…Первый признак — странное веселье, Словно ты пила хмельное зелье. А потом печаль, печаль такая, Что нельзя вздохнуть изнемогая…
Над ними раскинул руки Давид Мироныч, собирая их в одно целое.
— Прости, я не сразу отвечаю тебе. Сгоряча обрадовался. Но ведь ты только курсы кончила, а в фирме бухгалтер — самый главный человек. Любой недочёт может стоить нам больших денег. Прежде всего я должен поговорить с Игорем. Если он возьмёт тебя в ученицы, если захочет пока выполнять многое за тебя, попробуем. В любом случае тебе спасибо за желание помочь. Ты здорово выручишь меня. — Аркадий снова целует её руку. — Мне кажется, ты сильно устала? Может быть, поспишь? — Он нажимает кнопку, и спинка кресла откидывается. — Закрой глаза.
Она хочет помочь Аркадию. Она хочет работать.
Бажен в Новый год подарил ей зеркало. Она держит его и боится поднять глаза на брата — у неё нет для него подарка, потому что нет своих денег. И родителям тоже ничего подарить она не может.
— Видишь, доча, брат хочет, чтобы ты сама знала, какая ты у нас красивая, чтобы почаще смотрела на себя, любовалась собой! Молчит наш молчун, молчит, а — соображает! А мы с мамой дарим тебе шёлковую блузку. — Отец разворачивает свёрток. — Надень, доча, Новый год нужно встречать в новом.
Цветы на блузке — с ковров, которые они ткут с мамой, и — с лугов их села.
Запахи травы и цветов щекочут в носу. Облака плывут прямо по лугу, и цветы словно плывут в них: сиреневые, оранжевые, зелёные… И мама, в своём разлетающемся платье, словно плывёт по лугу. И от зеркала Бажена — блики…
— Просыпайся, Юленька, идём на посадку. Через тридцать минут мы — дома: «Тойота» Митяя домчит нас быстро. — Аркадий пристёгивает её и свои ремни.
— Привет, старик, — оглядев её сверху донизу, говорит Митяй. — Поздравляю с заморской царевной и семейным очагом. Давно пора.
Митяй — такой же высокий, как Аркадий, как отец, как Бажен. Такой же широкоплечий. Только лицо у Митяя — рассыпанное. Вроде он глядит на тебя, а вовсе и не глядит: тут же взгляд уплывает, и Митяй уже глядит на что-то другое — на проходящую мимо девушку, на коляску, на лоток с мороженым.

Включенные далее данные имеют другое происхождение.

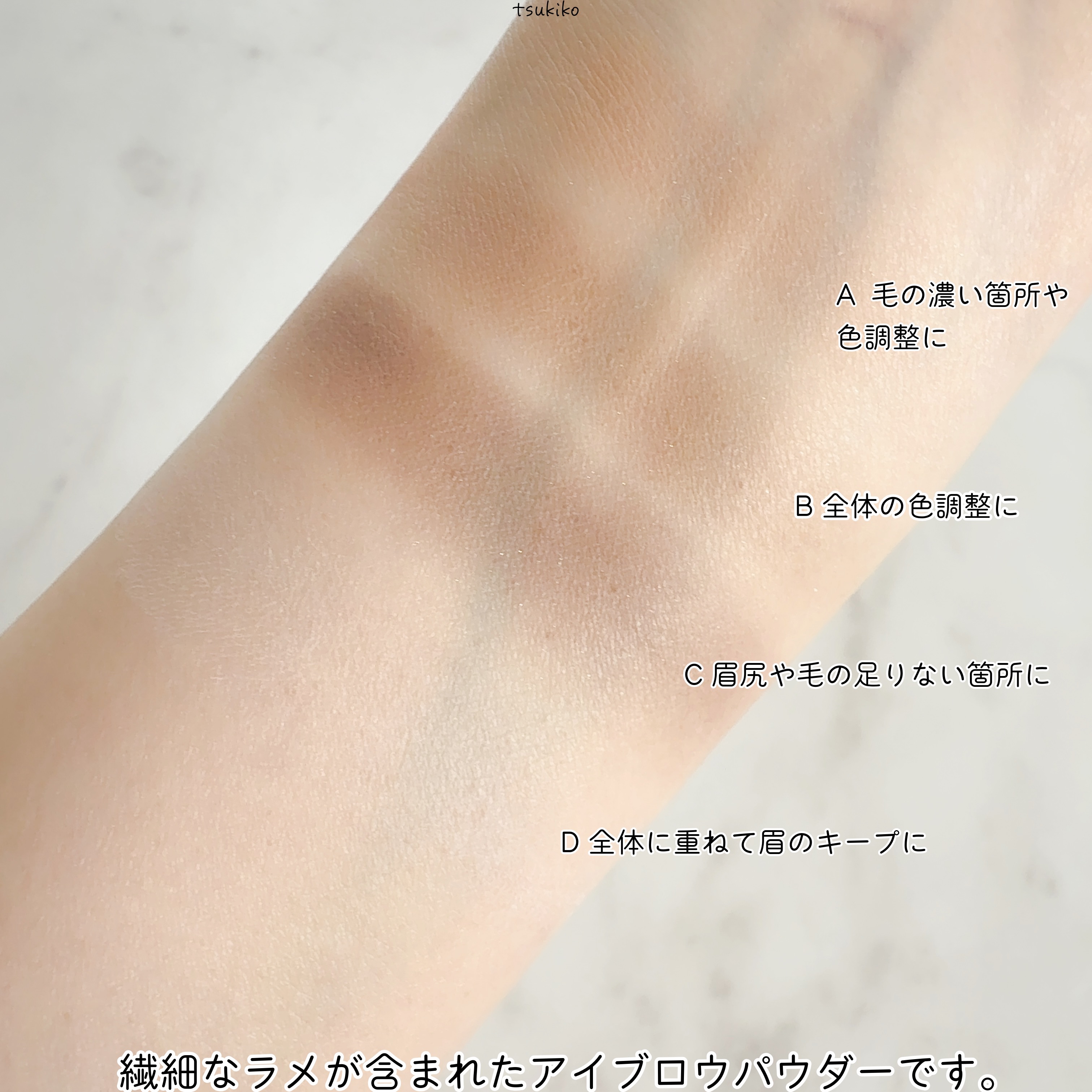 - 簡単キレイ! ふんわりパウダーとこだわりブラシで、消えにくい(*)眉。 b idolから新定番❤アイブロウシリーズが登場!! ふんわり仕上がるカラーパウダー3色と、消えにくい(*)眉が続くフィックスパウダーを1つのパレットにしました! ベーシックに使える配色で、眉のトーンが思いのまま♪ カラーパウダーに微細ラメを配合。僅かにに輝き、ふんわりとした抜け感眉に♥ *:密着性のあるパウダーが皮脂を吸着し、コーティング。 ※全てメイクアップ効果 ※効果・持続時間には個人差がございます ●髪色や眉の色に合わせて使えちゃう♡ ●フィックスパウダーは密着性のあるパウダーが皮脂を吸着し、コーティング♡ ●オリジナルのWエンドMiniアイブロウブラシ付き♡ A:ライトカラー 毛の濃い箇所や色味調整に♡ B:ニュアンスカラー 全体の色調整に♡ C:ダークカラー 眉尻や毛の足りない箇所に♡ D:フィックスパウダー 全体に重ねて眉のキープに♡

— А где мой чемодан? — спрашивает Юля, когда они подходят к выходу на улицу.
— Я не взял твоих вещей, Юленька. Завтра с утра купим всё необходимое. Новая жизнь — новые вещи. Я только вот это взял. — Он достаёт из своей сумки Баженово зеркало. — Подумал, будет тебе память о доме. Взял и свадебное платье. Пусть дома висит.
А как же без белья?
Но Юля не спрашивает, проходит вместе с Аркадием в проём разъехавшихся перед ними дверей. Аркадий знает, что делать. А ей бы устоять на ногах — они подгибаются от слабости и страха: через полчаса она и Аркадий останутся навсегда вдвоём в одном доме!
Она привыкла быть послушной. А сейчас и вовсе её нет — себя не ощущает.

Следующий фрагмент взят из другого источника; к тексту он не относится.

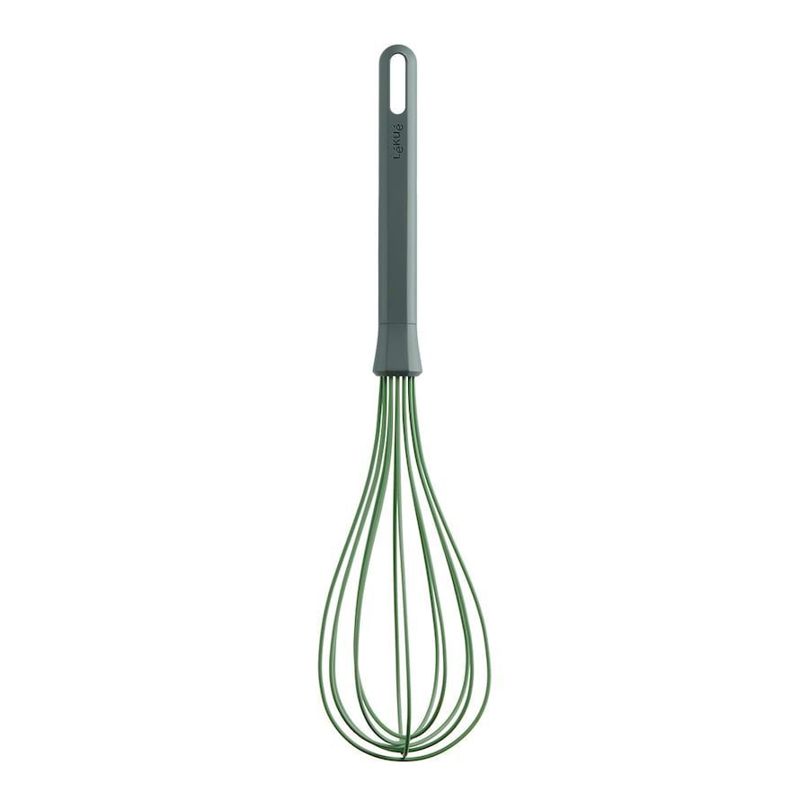 Batidor de varillas Lekue con manija ergonómica en gris y varillas de acero inoxidable con acabado verde. Ideal para batir huevos, mezclar ingredientes o montar claras. Diseño compacto y fácil de limpiar, perfecto para cocinas modernas. Calidad duradera y uso diario en la preparación de recetas.

Несмотря на поздний вечер, на площади — суматошно. Машины подъезжают, выгружают людей, отъезжают. Кто-то куда-то бежит, кто-то что-то кричит, кто-то с трудом волочёт чемоданы, сумки.
Митяй подходит к аккуратной бордовой машине, распахивает перед ними дверцу:
— Милости прошу, господа-молодожёны. Ещё немножко потерпеть, и дорвётесь до…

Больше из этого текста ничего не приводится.